An instruction-tuned multi-modal model based on BLIP-2 and Vicuna-13B

  • Public
  • 251.3K runs

Run time and cost

This model runs on Nvidia A100 (40GB) GPU hardware. Predictions typically complete within 82 seconds. The predict time for this model varies significantly based on the inputs.



This model generates text that is conditioned on both text and image prompts. Unlike standard multi-modal models, it has also be fine-tuned to follow human instructions.

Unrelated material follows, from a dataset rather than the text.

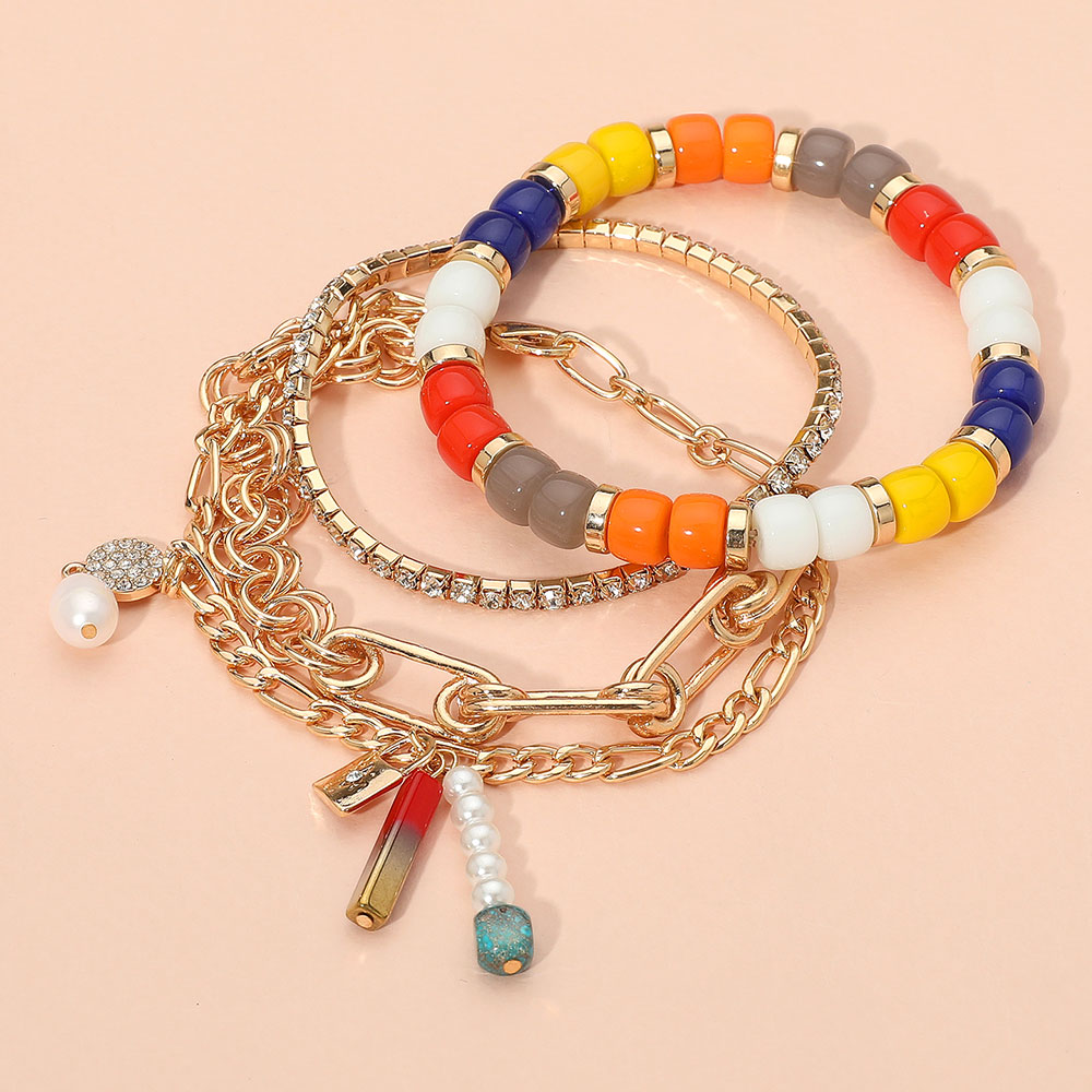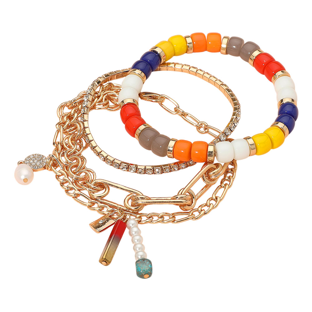 • Chic multi-strand bracelet set combining chain links, faceted beads, and dangling charms. A versatile accessory perfect for casual or dressy looks.

This model was developed by Salesforce and this implementation is an unofficial version based on their open source implementation.

Model description

This model was developed by applying a multi-modal instruction tuning framework–InstructBLIP–to a pre-trained BLIP-2 model. In this case, the BLIP-2 model was composed of Vicuna-13B, an image encoder, and a Q-Former, which bridges the LLM and image encoder. To instruction-tune the model, the LLM and image encoder weights were frozen and only the Q-Former weights were updated.

To implement this model for Replicate, we introduced several modifications to the original code. To minimize the time it takes to initialize the model on inference instances, we tensorized the Vicuna-13B weights and we download and load the weights for each component of the model in parallel. We also modified the generation method to support token streaming.

Intended use

The model is intended and licensed for research use only. InstructBLIP w/ Vicuna models are restricted to uses that follow the license agreement of LLaMA and Vicuna. The models have been trained on the LLaVA dataset which is CC BY NC 4.0 (allowing only non-commercial use).